The Richtmyer–Meshkov instability (RMI) of a twice-shocked gas interface is studied using high-speed planar-laser induced fluorescence (PLIF) in the Wisconsin Shock Tube Laboratory’s vertical shock tube. The initial condition (IC) is a shear layer with broadband diffuse perturbations at the interface between a helium-acetone mixture and argon. This IC is accelerated by a shock of nominal strength $M=1.8$, and then accelerated again by the transmitted shock that reflects off the end wall of the tube.
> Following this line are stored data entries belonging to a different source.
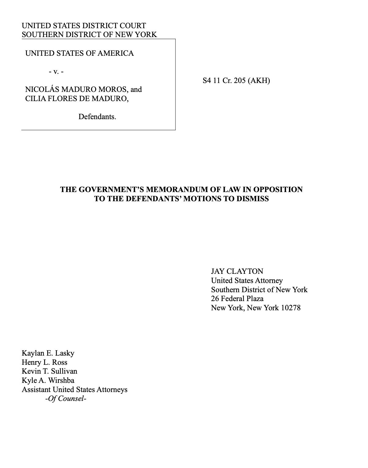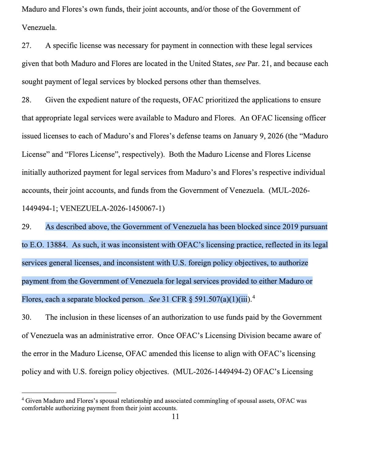 Ante el intento de los abogados de tumbar el caso por esta restricción financiera, la fiscalía neoyorquina respondió de manera contundente y se apegó a la normativa vigente. El memorando detalló que «como se describió anteriormente, el Gobierno de Venezuela ha estado bloqueado desde 2019 en virtud de la Orden Ejecutiva 13884. Como tal, era inconsistente con la práctica de concesión de licencias de la OFAC (…) e inconsistente con los objetivos de política exterior de EEUU, autorizar el pago del Gobierno de Venezuela por servicios legales prestados a Maduro o Flores».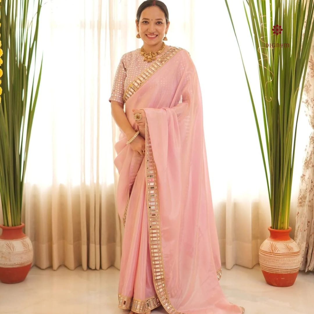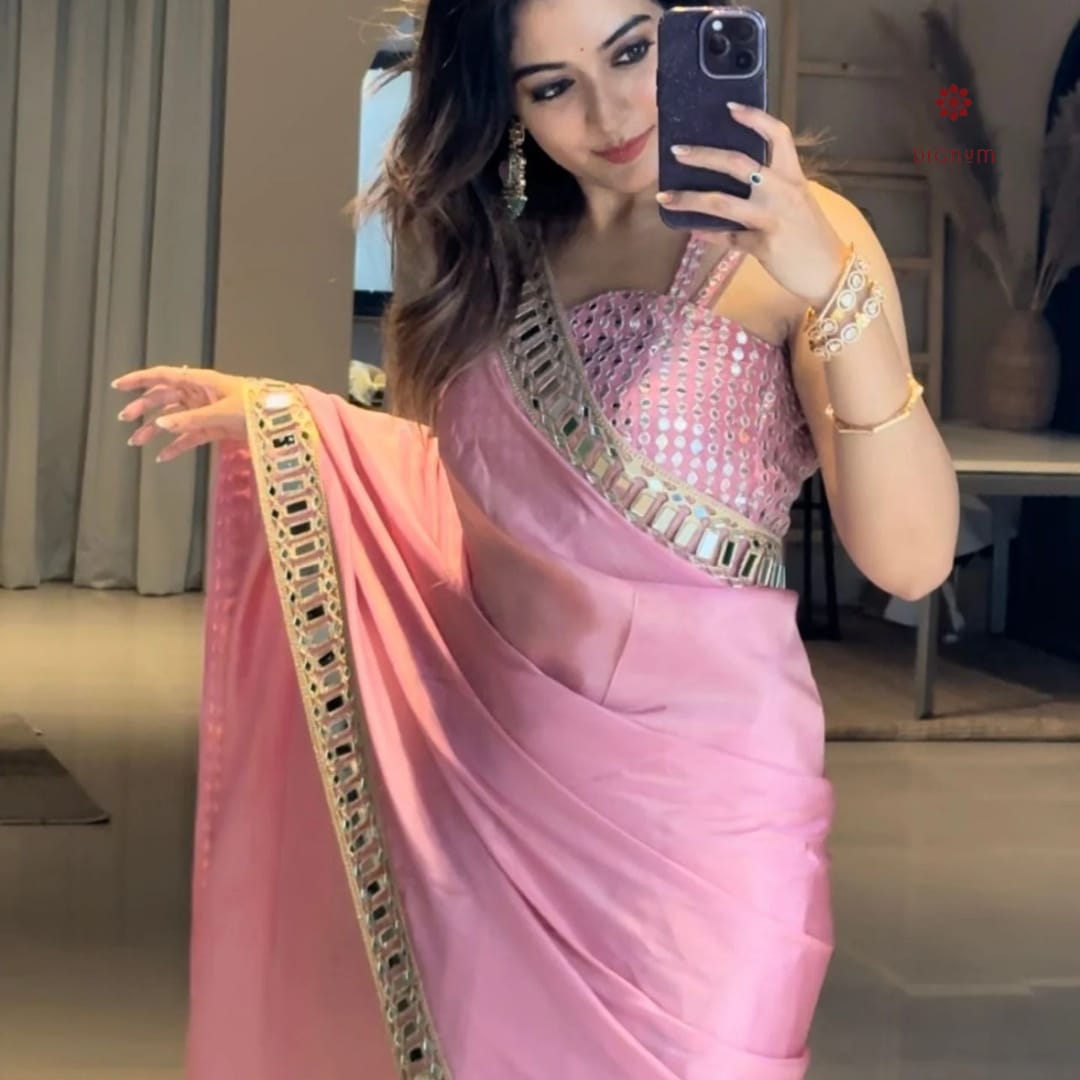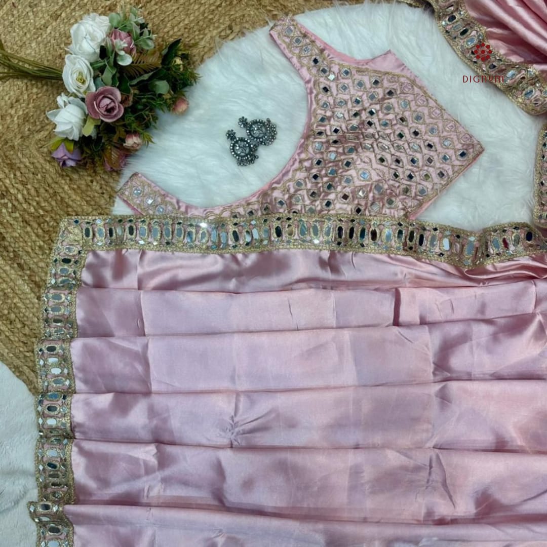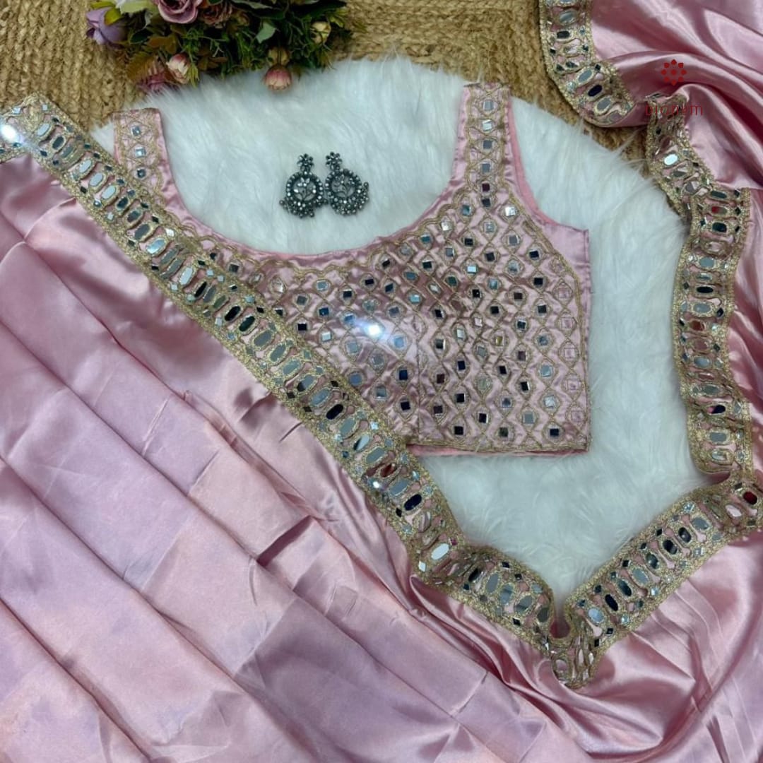 Saree Fabric: Satin Silk Saree with Original Mirror and Embroidery Work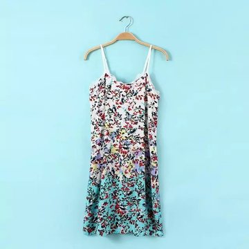外貿批發速賣通歐美風時尚甜美碎花人棉數碼定位漸變吊帶裙連衣裙 /

An estimate of the light gas mole fraction is extracted from high-speed imaging using an iterative process that accounts for the nonlinear temperature dependence of the acetone’s fluorescence quantum yield (FQY) and absorption cross-section. A vorticity deposition model for the initial growth rate after re-shock is compared with the Mikaelian model for re-shock. Previously used in literature, the number of generations is shown to naturally arise from a normalisation of the scalar transport equation. A self-similar analysis is then performed using the mole fraction data to explore the evolution of the RMI after reshock and the higher order moments of the light gas mole fraction are compared with a proposed model.
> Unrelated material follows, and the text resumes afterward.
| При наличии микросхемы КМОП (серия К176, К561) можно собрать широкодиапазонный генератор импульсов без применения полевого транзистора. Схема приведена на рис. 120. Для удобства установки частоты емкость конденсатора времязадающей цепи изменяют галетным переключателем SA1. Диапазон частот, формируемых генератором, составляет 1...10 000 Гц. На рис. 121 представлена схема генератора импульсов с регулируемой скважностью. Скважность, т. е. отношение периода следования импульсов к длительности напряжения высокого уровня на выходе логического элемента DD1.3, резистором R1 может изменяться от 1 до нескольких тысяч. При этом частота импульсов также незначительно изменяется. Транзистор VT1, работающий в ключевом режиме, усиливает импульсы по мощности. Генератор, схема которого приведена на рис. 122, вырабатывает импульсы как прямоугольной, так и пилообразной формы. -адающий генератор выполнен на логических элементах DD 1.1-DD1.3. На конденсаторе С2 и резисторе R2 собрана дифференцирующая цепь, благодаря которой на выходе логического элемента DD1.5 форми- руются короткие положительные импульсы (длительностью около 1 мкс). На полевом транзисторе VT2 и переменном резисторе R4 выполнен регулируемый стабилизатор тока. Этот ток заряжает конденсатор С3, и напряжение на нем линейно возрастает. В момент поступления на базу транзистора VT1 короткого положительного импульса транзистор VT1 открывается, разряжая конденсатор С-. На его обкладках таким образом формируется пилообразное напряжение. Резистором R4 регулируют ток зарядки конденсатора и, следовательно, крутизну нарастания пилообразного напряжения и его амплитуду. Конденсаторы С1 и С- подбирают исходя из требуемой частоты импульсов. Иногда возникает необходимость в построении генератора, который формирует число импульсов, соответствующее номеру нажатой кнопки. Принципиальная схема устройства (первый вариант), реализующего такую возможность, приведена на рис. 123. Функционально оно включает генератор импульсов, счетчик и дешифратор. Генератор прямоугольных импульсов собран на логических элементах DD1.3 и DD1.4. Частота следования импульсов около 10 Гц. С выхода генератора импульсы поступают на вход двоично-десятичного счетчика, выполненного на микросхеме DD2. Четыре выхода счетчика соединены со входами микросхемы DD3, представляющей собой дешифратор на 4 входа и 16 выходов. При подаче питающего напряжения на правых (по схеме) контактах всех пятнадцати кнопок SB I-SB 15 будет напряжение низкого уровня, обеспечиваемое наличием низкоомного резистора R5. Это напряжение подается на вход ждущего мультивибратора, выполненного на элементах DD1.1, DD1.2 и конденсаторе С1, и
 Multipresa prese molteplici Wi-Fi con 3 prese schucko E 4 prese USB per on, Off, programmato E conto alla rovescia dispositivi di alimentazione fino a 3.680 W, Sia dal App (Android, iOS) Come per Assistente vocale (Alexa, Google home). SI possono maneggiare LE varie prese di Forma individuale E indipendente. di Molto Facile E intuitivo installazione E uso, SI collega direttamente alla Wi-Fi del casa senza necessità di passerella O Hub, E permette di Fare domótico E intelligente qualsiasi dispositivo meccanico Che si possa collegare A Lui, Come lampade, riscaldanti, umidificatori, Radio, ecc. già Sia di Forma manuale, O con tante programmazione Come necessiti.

在威斯康星州激波管实验室的垂直激波管中使用高速平面激光诱导的荧光（PLIF）研究了两次激射气体界面的Richtmyer-Meshkov不稳定性（RMI）。初始条件（IC）是剪切层，在氦-丙酮混合物和氩气之间的界面处具有宽带弥散扰动。该IC通过标称强度的冲击而加速$\mathrm{中号}=\mathrm{1个}。8$，然后通过从管的端壁反射的传递的冲击再次加速。使用迭代过程从高速成像中提取轻质气体摩尔分数的估计值，该过程考虑了丙酮的荧光量子产率（FQY）和吸收截面的非线性温度依赖性。将重新电击后初始增长率的涡度沉积模型与重新电击的Mikaelian模型进行比较。以前在文献中使用过，世代数显示为自然地来自标量输运方程的归一化。然后使用摩尔分数数据进行自相似分析，以探索重震后RMI的演变，并将轻质气体摩尔分数的高阶矩与提出的模型进行比较。